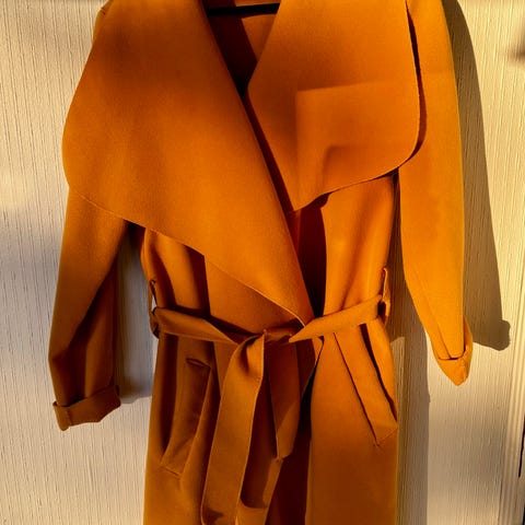 Kjempefin regnjakke fra BRGN i pen stand, hel og klar til bruk. Oransje utenpå og mørkeblå trekk inni. Hette og lommer. Klassisk design.
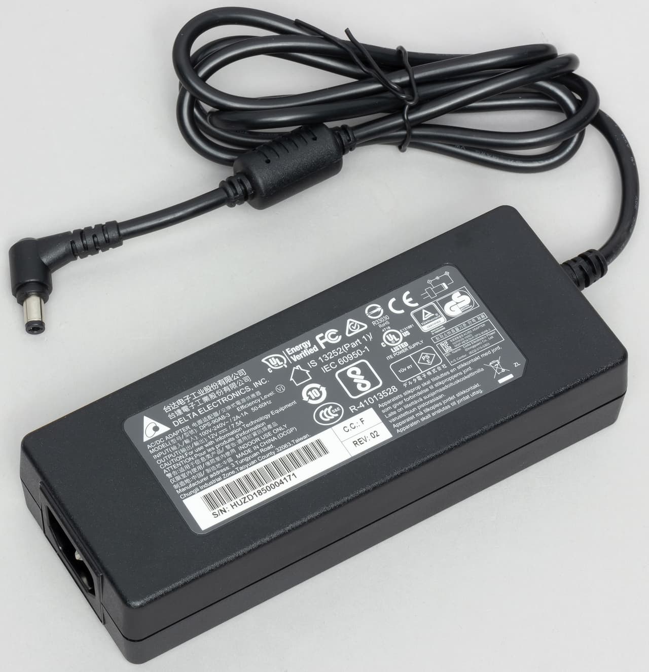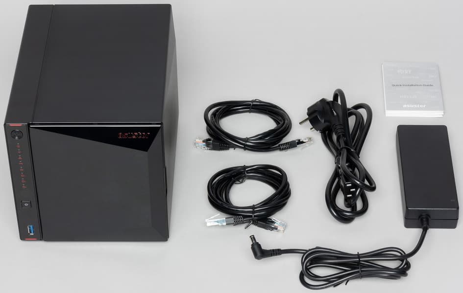 Блок питания по формату аналогичен используемым в ноутбуках. Для подключения к сети он имеет съемный кабель с обычным разъемом C14 и встроенный кабель длинной 120 см со стандартным круглым штекером (угловым) для подключения к NAS. Производитель блока питания — известный бренд Delta Electronics, а параметры — 12 В 7,5 А (90 Вт). Патч-корды — полутораметровые категории 5e.
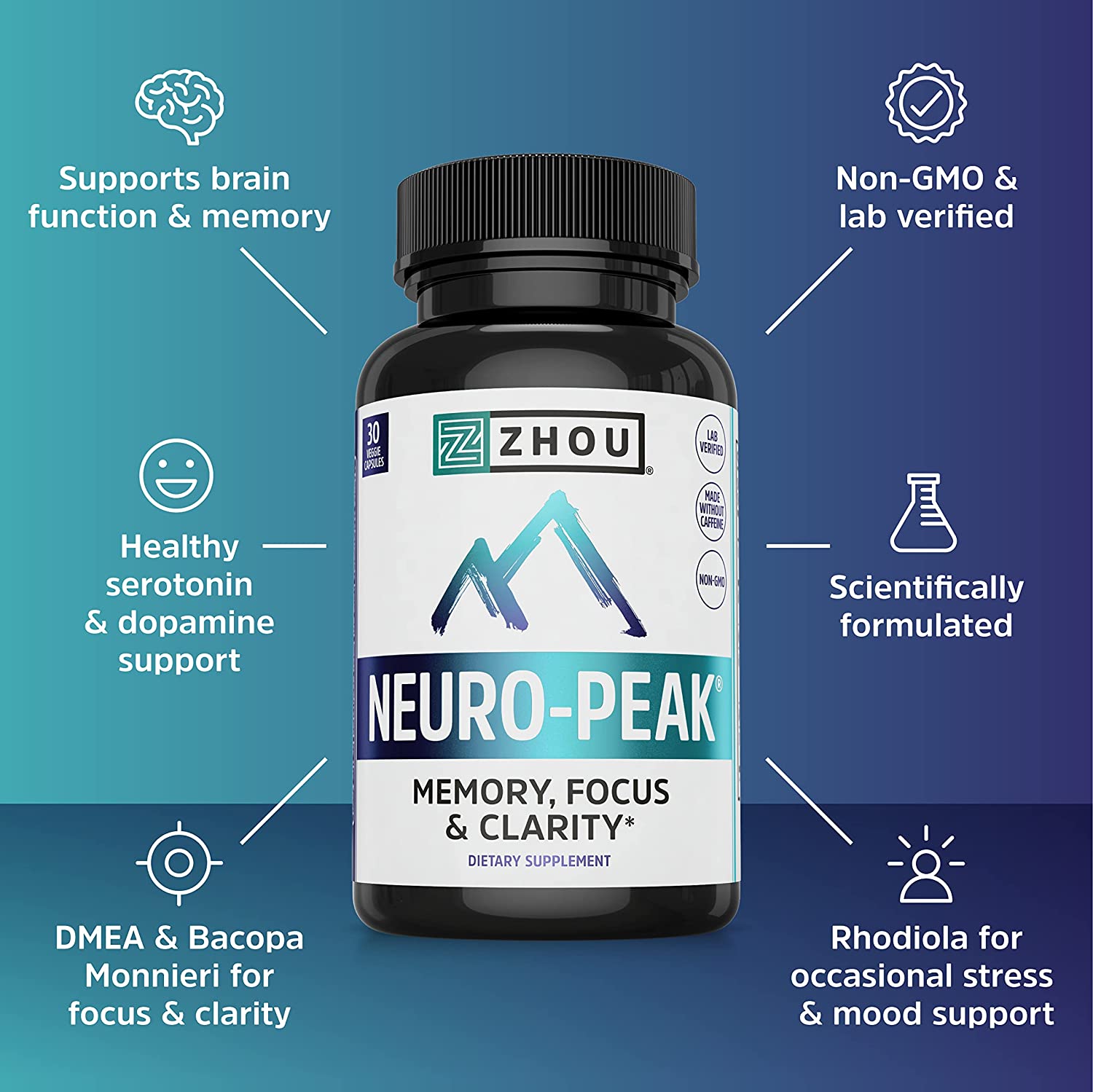 If you're looking for nootropic supplements that will help support memory, focus, and clarity, you'll want to check out Zhou Neuro Peak Brain Support Supplement. This unique blend of ingredients is specially designed to help improve cognitive function and provide an extra boost of motivation when needed. Additionally, it's perfect for those who need to stay sharp and focused over longer periods of time.
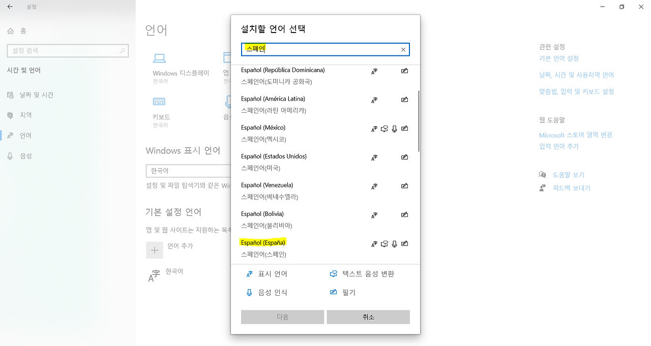 기본 설정 언어에 '한국어' 외에 '스페인어'를 추가해줘야 함.
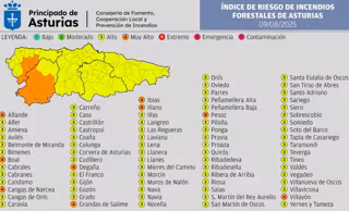 En concreto, los municipios que estarán con ese riego 'muy alto' son los de Allande, Boal, Cangas del Narcea, Degaña, Grandas de Salime, Ibias, Illano, Pesoz y Villayón. En el resto de Asturias el índice de riesgo de incendios forestales se mantiene en el nivel 'alto'.
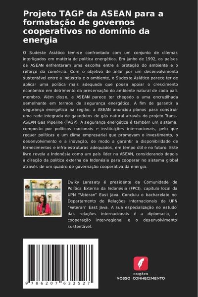 O Sudeste Asiático tem-se confrontado com um conjunto de dilemas interligados em matéria de política energética. Em junho de 1992, os países da ASEAN enfrentaram uma escolha entre a proteção do ambiente e o reforço do comércio. Com o objetivo de zelar por um desenvolvimento sustentável entre a indústria e o ambiente, o Sudeste Asiático parece ter de aplicar uma política mais adequada que possa apoiar o crescimento económico em detrimento da preservação do ambiente natural de cada país membro. Além disso, a ASEAN parece ter chegado a uma encruzilhada semelhante em termos de segurança energética. A fim de garantir a segurança energética na região, a ASEAN anunciou planos para construir uma rede integrada de gasodutos de gás natural através do projeto Trans-ASEAN Gas Pipeline (TAGP). A segurança energética é também um sistema, composto por políticas nacionais e instituições internacionais, pelo que requer políticas e um clima empresarial que promovam o investimento, o desenvolvimento e a inovação, de modo a garantir a disponibilidade de fornecimentos e infra-estruturas adequados, em tempo útil e no futuro. Este livro revela a Indonésia como um país líder na ASEAN, considerando depois a direção da política externa da Indonésia para cooperar no sistema global através de um quadro de governação cooperativa da energia.
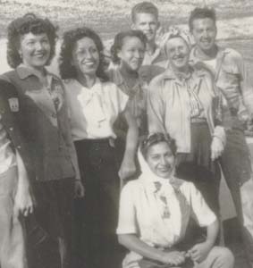 - *** File: rrrmluna4.mp3 Audio Segments and Topics: (0:00-2:51)... She learned about defense work from her high school English teacher, who mentioned that men would probably go into the service and the women into defense work after graduation. When she saw the advertisement for assembly work in the aircraft industry she decided to take the training course. After finishing the course, she went to the state employment office in Inglewood and was told they were not hiring eighteen year olds to work in the defense industry. On the bus ride home, she stopped at Douglas Aircraft and filled out an application. It was required that she pass a physical examination before she was hired. She went to Santa Monica and received a thorough physical and passed. She was hired to work the graveyard shift. (2:50-6:35)... Luna started working at Douglas Aircraft in September 1942. The first night on the job she wanted to quit because the work was difficult. She got the impression from the men that they did not want women there. The lead man did not seem convinced that women were going to succeed in this line of work. Her responsibilities involved riveting aircraft panels. Her father was happy that she was working because the family was able to discontinue welfare assistance. Other relatives and friends also applied for positions at Douglas Aircraft. Luna worked the nightshift for two and a half years and then was transferred to a base plant, where she worked for close to ten years. (6:35-8:11)... Initially, she was not required to bring her own tools to work. Over time, however, she was told that she would have to purchase a tool box and tools for the job. She was required to wear certain shoes and keep her hair up in a net. She was accustomed to wearing pants so it was not a change to wear pants at work. She usually walked to work in the evenings and the environment was safe. Often times, police officers picked her up in their squad cars and took her to work. The environment was very cooperative. However, she admits that she no longer holds the same perception of police officers. (8:11-10:47)... When she first entered the plant she describes it as a scary atmosphere because it was noisy. It was difficult to hear instructions amidst all of the noise. The building was cold because it was still under construction and parts of the plant were open to the outside. The plant consisted of long buildings that were illuminated by florescent lights. The plant was cluttered with different airplane parts on which people worked. She worked with a man who purchased candy bars for Luna and himself. She also went to a cafe with the other women in the factory after work and ultimately gained approximately twenty pounds. Luna stopped these eating habits when she learned they were affecting her weight. (10:47-14:26)... The men at Douglas Aircraft were somewhat leery of the women in the plant. There were number of middle-aged women employed at the plant. However, most of Luna's friends were in the same age range as herself. (Luna displays a photograph, mentioning that women were well groomed and looked feminine even though they were employed in defense work.) Most of her friends at the plant were Mexicans. She socialized with American girls during specific activities, such as bowling or horseback riding. Whenever she attended a Mexican dance, however, it was with her Mexican girlfriends. While living in Hawthorne she was not exposed to a lot of people or activities outside the area. Working at Douglas Aircraft expanded her horizons because she met new people and began participating in social activities in the Los Angeles area. (14:26-18:02)... The men who attended the Mexican dances were either servicemen or immigrant workers from Mexico. Her pursuit of these men was never very serious because she did not trust the Mexican immigrants and knew that servicemen could be shipped off the next day. Luna describes some of the nightclubs and dance halls she frequented. She reiterates the fact that working gave her an opportunity to make friends and experience other parts of the city. She recalls staying with two friends in Los Angeles and meeting one of their sisters who worked in the engine room for a railroad. Interacting with women outside her own family was a new and interesting experience for Luna. (18:02-20:09)... It was often difficult to schedule social activities with her friends because of their work schedules. Everyone who worked at Douglas Aircraft was required to work six days a week and each person had a different day off from work. When she started at the plant it was not unionized. The employees did not receive any vacation time or scheduled breaks. However, whenever someone wanted to take a coffee break they did so at their leisure. The employees were not closely supervised and they enjoyed a substantial amount of freedom in the work place. Each worker was provided with a workload schedule that required people to complete a certain amount of work. If these schedules were fulfilled, plant supervisors did not bother the workers. (20:09-23:48)... She arrived at work early so that she could visit with co-workers in the cafeteria. While working, it was customary for people to talk to each other and socialize. Her lunch break lasted for thirty minutes. She started drinking coffee during this time because it was difficult for her to stay awake. She also tried smoking to appear more sophisticated; however, she quit after a short time because it made her dizzy. Her shift ended at 7:00 a.m. and she slept from approximately 9:00 a.m. until 2:00 p.m., when she got up and completed her household chores. She was responsible for the majority of the chores, but her father and brother helped cook for the family. She went back to bed at 8 p.m. and then got up to go to work at 11 p.m. (23:48-26:25)... It took several weeks to adjust to her job at Douglas Aircraft. She worried that she would be fired because of her performance. Initiall
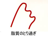| 脂質のとり過ぎに注意し、適度な運動をするも大切 | 広がった血管が多く見られる。代謝に問題があるので、食事の量と質の改善、適度な運動も必要 |
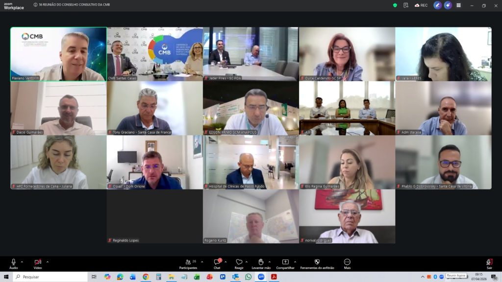 A Confederação das Santas Casas e Hospitais Filantrópicos (CMB) realizou, nesta terça-feira (7), a 56ª reunião do Conselho Consultivo. Por videoconferência, a reunião teve como ponto central a definição da nova condução do Conselho, órgão auxiliar do Conselho de Administração.
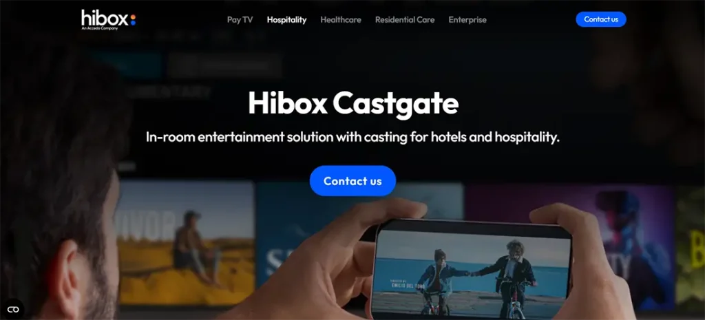 Hibox CastGate is a turnkey hospitality content-casting solution that enables guests to stream from their own devices to the in-room TV via QR code pairing, while hotels retain full control and security.
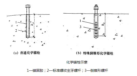 按照受力機理可分為兩種:普通化學錨栓和特殊倒錐形化學錨栓。特殊倒錐形化學錨栓,在安裝時通過錨固膠與倒錐形螺桿之間滑移可形成類似于機械錨栓的膨脹力。

_Assigned task_
Set down exactly the lines above, from the line containing "If you're looking" through the line containing "En concreto, los". Skip the pictures.

_Answer to the exercise_
 If you're looking for nootropic supplements that will help support memory, focus, and clarity, you'll want to check out Zhou Neuro Peak Brain Support Supplement. This unique blend of ingredients is specially designed to help improve cognitive function and provide an extra boost of motivation when needed. Additionally, it's perfect for those who need to stay sharp and focused over longer periods of time.
 기본 설정 언어에 '한국어' 외에 '스페인어'를 추가해줘야 함.
 En concreto, los municipios que estarán con ese riego 'muy alto' son los de Allande, Boal, Cangas del Narcea, Degaña, Grandas de Salime, Ibias, Illano, Pesoz y Villayón. En el resto de Asturias el índice de riesgo de incendios forestales se mantiene en el nivel 'alto'.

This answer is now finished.